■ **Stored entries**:
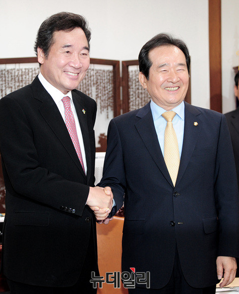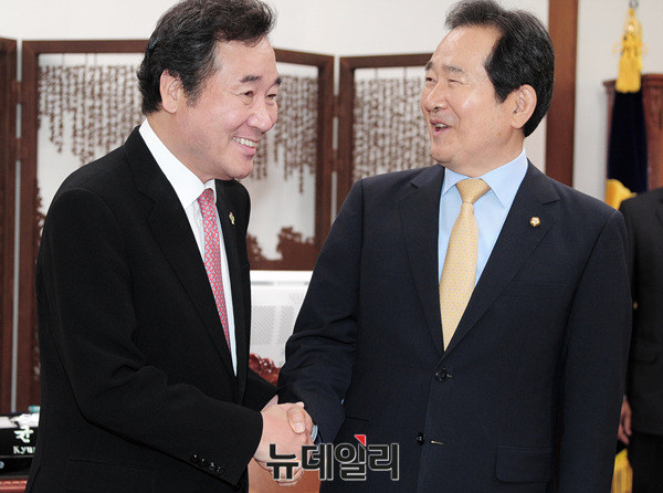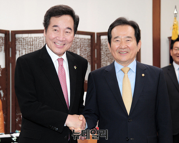 이낙연 신임 국무총리가 1일 오전 국회의장실에서 정세균 국회의장과 악수를 나누고 있다.
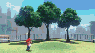 除此之外,结合帽子作为踏板的特性,再加上跳跃中的基础动作,玩家可以通过这些方式跳上一些原本到达不了的高台,或是原本够不着的远方平台。
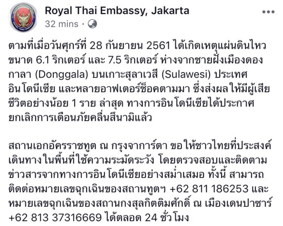 กระทรวงการต่างประเทศ ระบุว่าตามที่เมื่อวันศุกร์ที่ 28 กันยายน 2561 ได้เกิดเหตุแผ่นดินไหวขนาด 6.1 ริกเตอร์ และ 7.5 ริกเตอร์ ห่างจากชายฝั่งเมืองดองกาลา (Donggala) บนเกาะสุลาเวสี (Sulawesi) ประเทศอินโดนีเซีย และหลายอาฟเตอร์ช็อกตามมา ซึ่งส่งผลให้มีผู้เสียชีวิตอย่างน้อย 1 ราย ล่าสุดทางการอินโดนีเซียได้ประกาศยกเลิกการเตือนภัยคลื่นสึนามิแล้ว
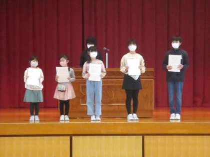 修了式が行われました。各学年の代表が修了証を受け取ったり、1年間がんばったことを発表したりしました。
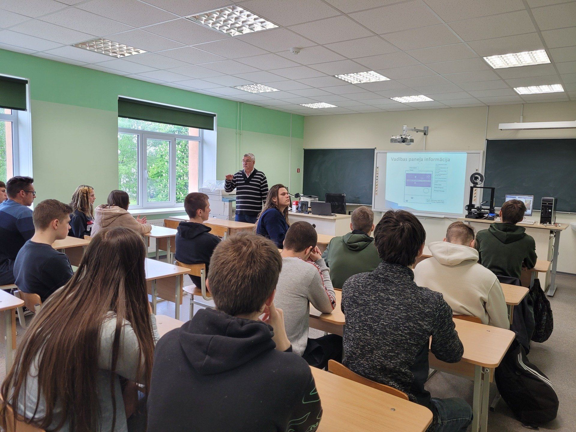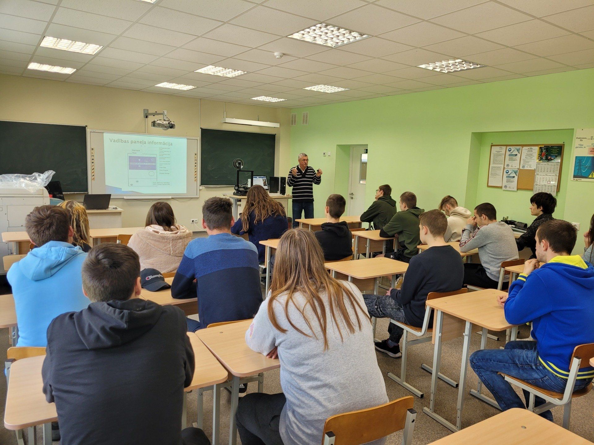 Latvijas aizsardzības stiprināšanai un veicināšanai, skolā viesos Aizsardzības ministrijas pārstāvis.
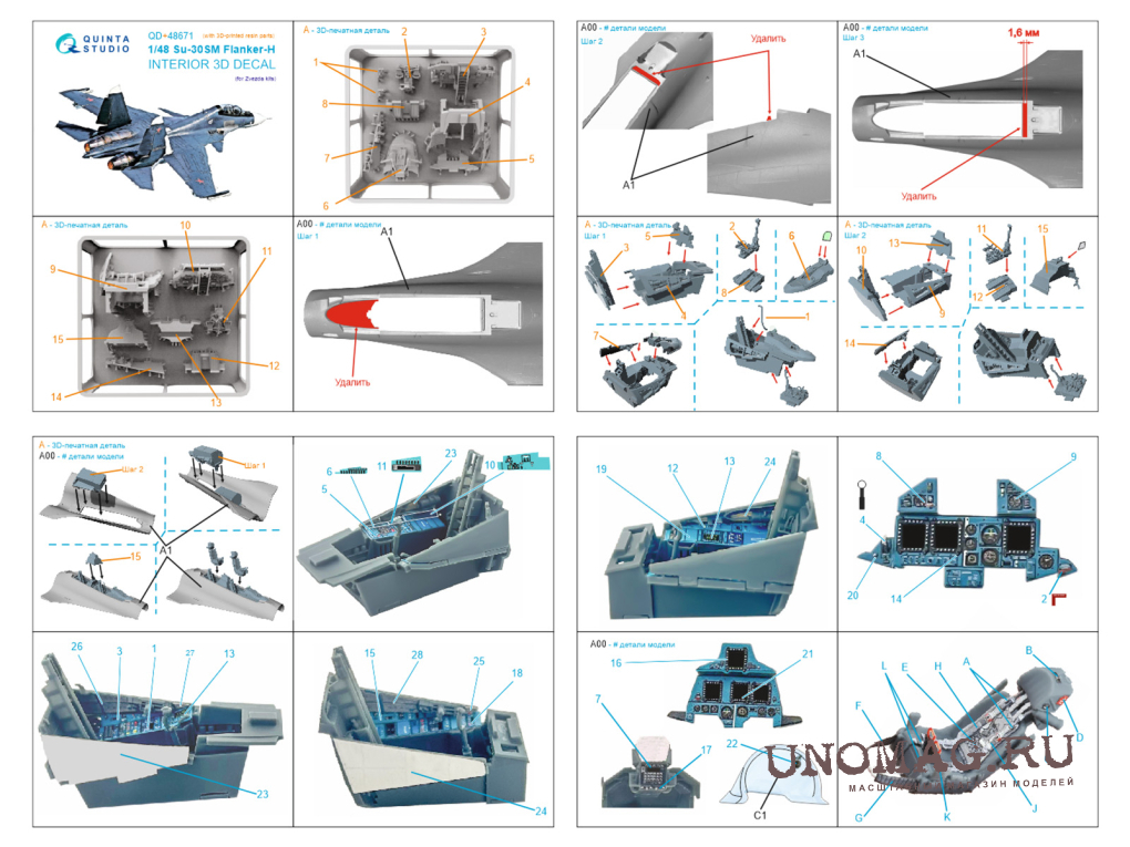 3D Декаль интерьера кабины для Суххой-30СМ (Звезда) (с 3D-печатными смоляными деталями)
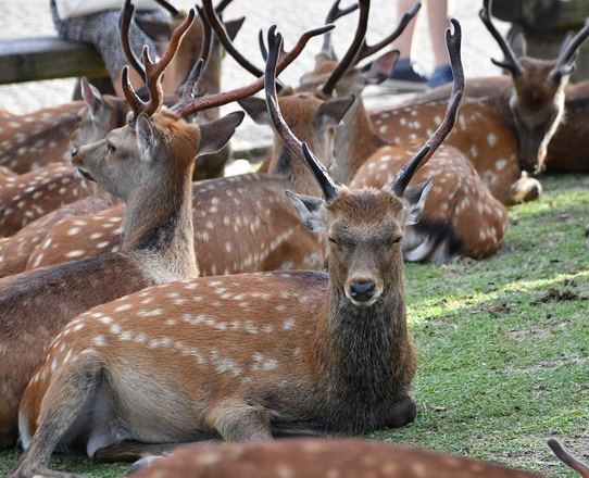 家住大阪府丰能町的大学生横田凌,为观光到访于此。横田笑着表示“还是头次见到在同一个地方聚集着这么多的鹿。虽然数量太多了让人有点不舒服,但还是不由觉得可爱。”
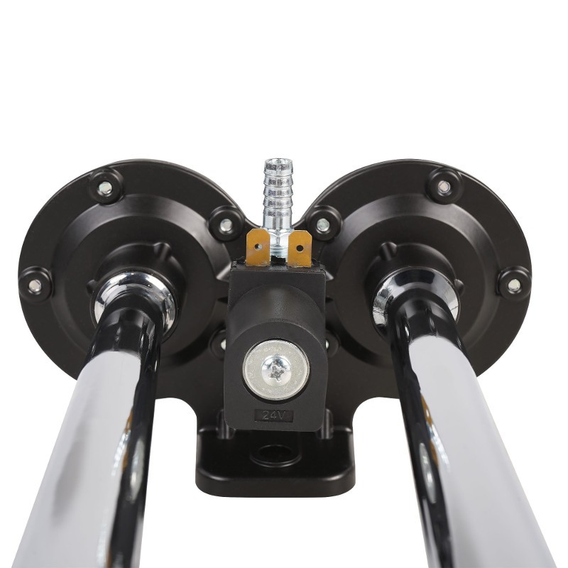 Пневматический звуковой сигнал с электроклапаном, рассчитан на подключение к имеющейся пневмосистеме автомобиля с рабочим давлением 6 атм.
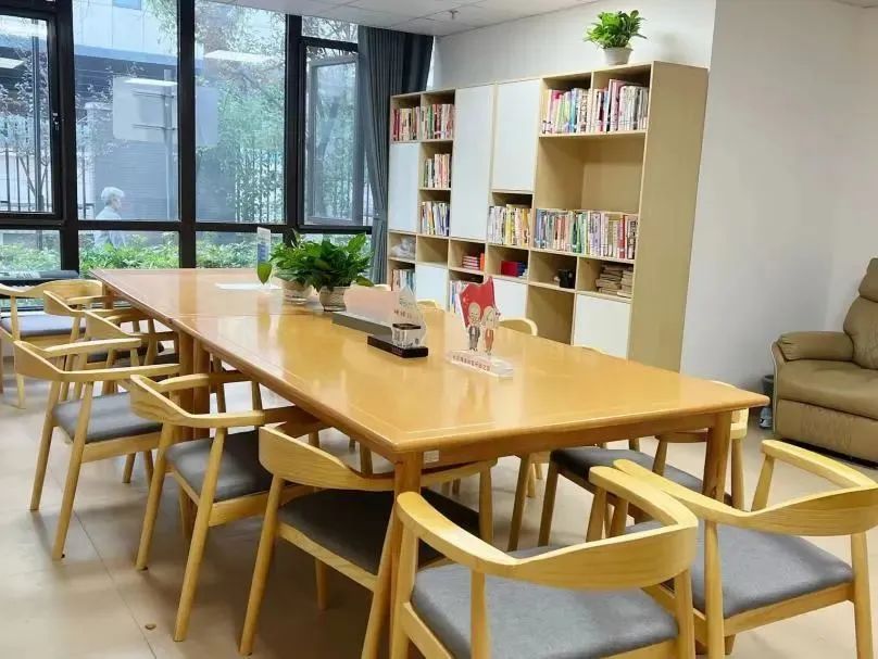 本次升级改造对浦润苑居民区党群服务站品润室的阅览区和茶水间进行了空间整合。在保留原有功能的同时,增设了居民休憩区,居民们既可以在这里休憩阅读,也可以参与西式烘焙等培训课程,享受美食制作的乐趣。
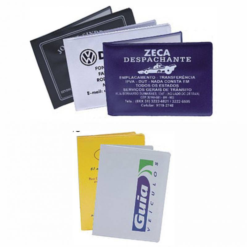 Porta documento veicular produzido em PVC leitoso, e na parte interna visor de pvc transparente, medidas 11,6 x 8,8 cm. Gravação serigrafia em 1 cor.
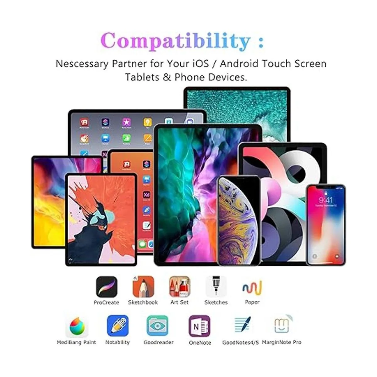 Amplia compatibilidad: diseñado para ser compatible con dispositivos Apple iOS iPad Pro 12.9, iPad Pro 11, iPad Pro 10.5, iPad Pro 9.7, iPad 9/8/7/6/5/4/3/2/1, iPad mini 6/5/4/3/2/1, iPad Air 4/3/2/1, iPhone 13, iPhone 12Pro Max/1. 2Pro/12 mini/12, iPhone 11Pro Max/11Pro/11, iPhoneXSMax/XS/XR/X, iPhoneSE2, iPhone8Plus, iPhone8, iPhone7Plus, iPhone7, iPhoneSE, iPhone 6s/6s Plus iPhone 5/5s/5 SE iPhone 4/4s
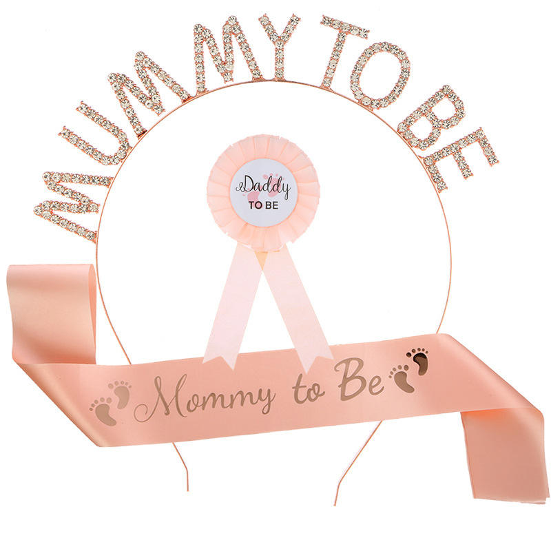 Floral Mummy to Be Sash Mum to Be Sash and Tiara Rhinestone Crown Headband Baby Shower Sash Party Decoration
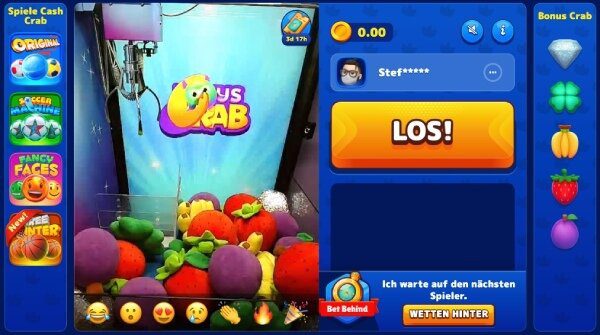 Sobald Sie die Runde gestartet haben, haben Sie 30 Sekunden Zeit, um den Greifarm über Pfeiltasten zu bewegen. Sie können in der Zeit sogar mehrere Gewinne herausziehen. Sie erhalten dann aber nicht alle, sondern wird zufällig bestimmt, welche Prämie Sie gewinnen.
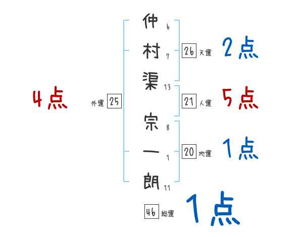 天運![]() | 仲村渠宗一朗さんの天運は26画の2つ星!波瀾万丈かも。信頼できる人を大事にしましょう。 家系が持つ宿命的な運勢を表します。祖先から受け継いだ苗字ですので自分の力が及びません。家柄を象徴します。 |
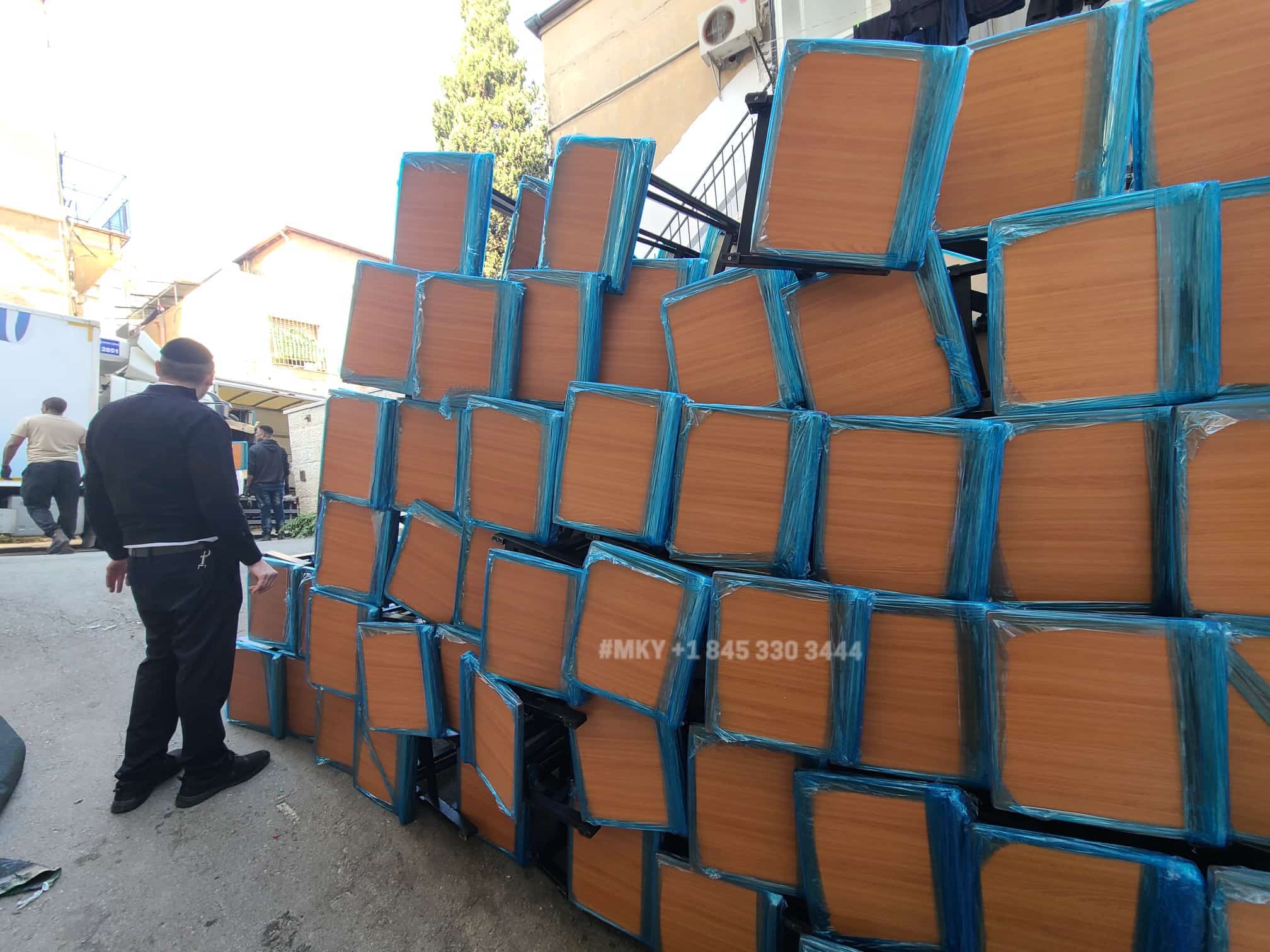 Yesterday it was the shtenders, today it’s the chairs- the Mir prepares to welcome hundreds of returning children
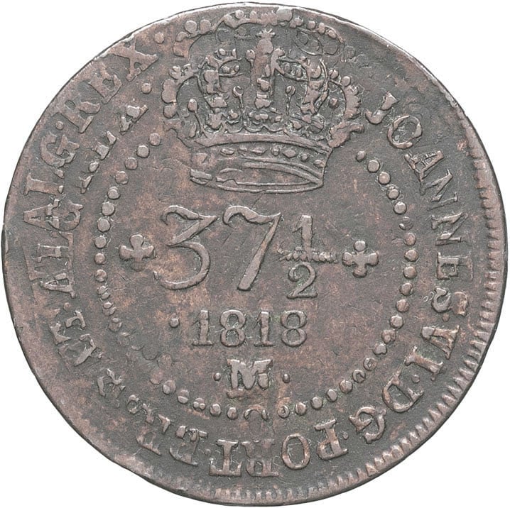 - BRAZIL Jean VI (1799-1826). 37 1/2 réis 1818, M, Minas Gerais.

■ **What you need to do**:
Once the line containing "3D Декаль интерьера" is found, transcribe it and every line after it to the end of the records, exactly and with no pictures.

■ **Task result**:
 3D Декаль интерьера кабины для Суххой-30СМ (Звезда) (с 3D-печатными смоляными деталями)
 家住大阪府丰能町的大学生横田凌,为观光到访于此。横田笑着表示“还是头次见到在同一个地方聚集着这么多的鹿。虽然数量太多了让人有点不舒服,但还是不由觉得可爱。”
 Пневматический звуковой сигнал с электроклапаном, рассчитан на подключение к имеющейся пневмосистеме автомобиля с рабочим давлением 6 атм.
 本次升级改造对浦润苑居民区党群服务站品润室的阅览区和茶水间进行了空间整合。在保留原有功能的同时,增设了居民休憩区,居民们既可以在这里休憩阅读,也可以参与西式烘焙等培训课程,享受美食制作的乐趣。
 Porta documento veicular produzido em PVC leitoso, e na parte interna visor de pvc transparente, medidas 11,6 x 8,8 cm. Gravação serigrafia em 1 cor.
 Amplia compatibilidad: diseñado para ser compatible con dispositivos Apple iOS iPad Pro 12.9, iPad Pro 11, iPad Pro 10.5, iPad Pro 9.7, iPad 9/8/7/6/5/4/3/2/1, iPad mini 6/5/4/3/2/1, iPad Air 4/3/2/1, iPhone 13, iPhone 12Pro Max/1. 2Pro/12 mini/12, iPhone 11Pro Max/11Pro/11, iPhoneXSMax/XS/XR/X, iPhoneSE2, iPhone8Plus, iPhone8, iPhone7Plus, iPhone7, iPhoneSE, iPhone 6s/6s Plus iPhone 5/5s/5 SE iPhone 4/4s
 Floral Mummy to Be Sash Mum to Be Sash and Tiara Rhinestone Crown Headband Baby Shower Sash Party Decoration
 Sobald Sie die Runde gestartet haben, haben Sie 30 Sekunden Zeit, um den Greifarm über Pfeiltasten zu bewegen. Sie können in der Zeit sogar mehrere Gewinne herausziehen. Sie erhalten dann aber nicht alle, sondern wird zufällig bestimmt, welche Prämie Sie gewinnen.
 天運![]() | 仲村渠宗一朗さんの天運は26画の2つ星!波瀾万丈かも。信頼できる人を大事にしましょう。 家系が持つ宿命的な運勢を表します。祖先から受け継いだ苗字ですので自分の力が及びません。家柄を象徴します。 |
 Yesterday it was the shtenders, today it’s the chairs- the Mir prepares to welcome hundreds of returning children
 - BRAZIL Jean VI (1799-1826). 37 1/2 réis 1818, M, Minas Gerais.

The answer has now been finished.